Immigration court proceedings generally consist of a
bond hearing and removal hearings. At a Bond hearing,
the immigration judge will decide whether the alien
should be released on bond while removal proceedings
are pending. At the Master Calendar hearing, an alien
will admit or deny the allegations in the charging document
called the Notice to Appear, concede or deny removability
and inform the immigration judge of the immigration
relief that the alien will be applying for to avoid
being removed from the United States.
At the Merits hearing, (also referred to as the Final,
Regular or Individual hearing), the immigration judge
will make determine if the alien gets to stay in the
United States or will have to leave after hearing all
the hearing presented by the attorney for the alien
and the U.S. government’s attorney.

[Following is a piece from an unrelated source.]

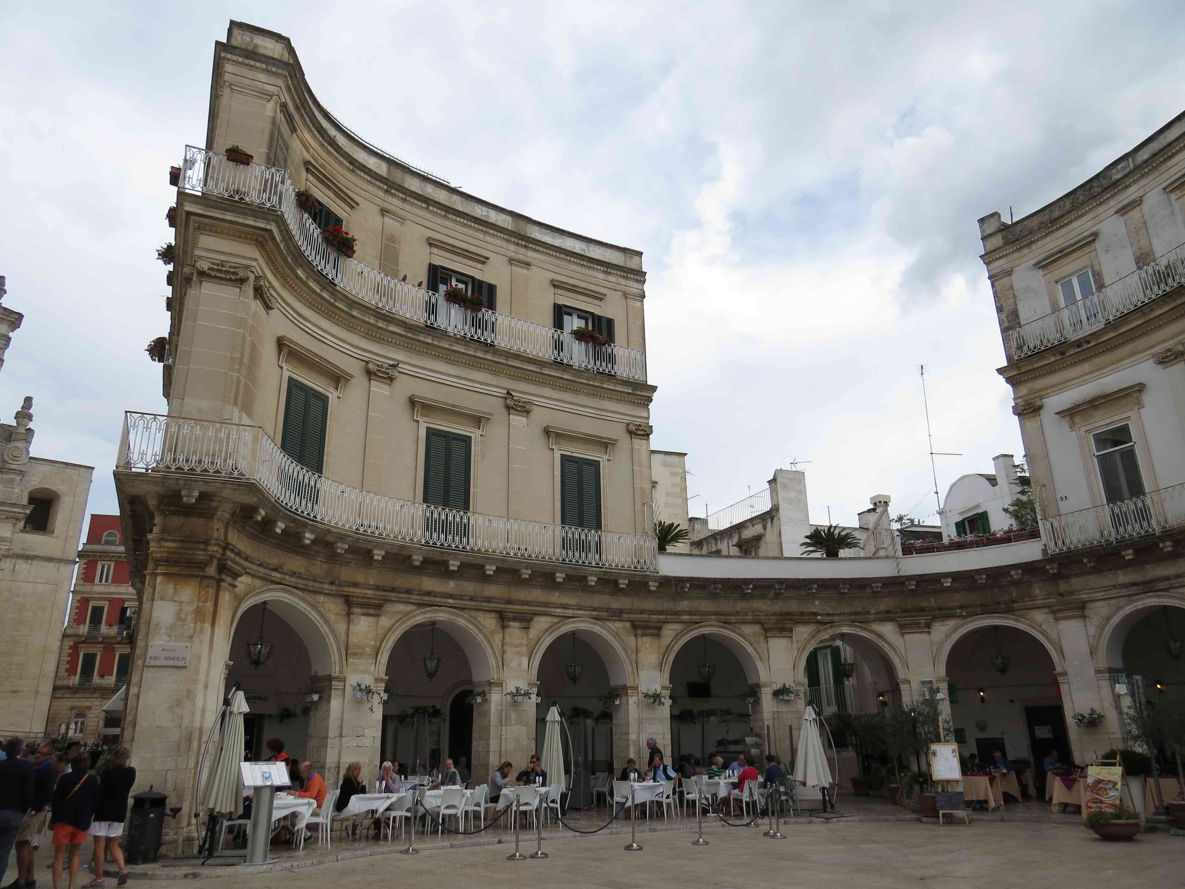 Martina Franca liegt in Sichtweite von Locorotondo, ist aber von weitreichenderer Bedeutung für die Region. Hier ein Platz in der Nähe der Kathedrale, die am linken Bildrand zu sehen ist.

At the hearing,
the alien’s attorney will present documents, take
testimony on direct examination from the alien, the
alien’s family members and any expert witnesses.
The government attorney will also be given an opportunity
to cross-exam any witnesses presented by the alien’s
attorney.
We provide represent clients at all hearings, including
the bond, master and merit’s hearings in California,
Arizona and any other State. Aliens placed in removal
proceedings or their family members can contact the
Law Offices of Raul Ray at (408) 279-5793 at anytime
during the week or on weekends or email us at
raulray@deportationattorney.com.
Back
to top...
Immigration Relief from
Removal/Deportation
If you are challenging your removal from the United
States and will be applying for immigration relief to
avoid removal, it is very important to prepare your
case well. The immigration judge will set a “Merits”
hearing to determine whether you should be allowed to
stay in the United States.
There are various forms of immigration relief that an
alien can apply for in removal proceedings in order
to preserve their legal status or to obtain their permanent
resident status. We know what it takes to win in removal
proceedings. We assess the best immigration relief available
to our client, prepare that relief with help from the
alien and their family members and aggressively represent
the alien at the final hearing.
During removal proceedings, the immigration judge has
the final say to grant or deny immigration relief. An
alien may be eligible for immigration relief including
but not limited to the following
Cancellation of
Removal, Adjustment of Status, 212 (c) waiver, 212(i)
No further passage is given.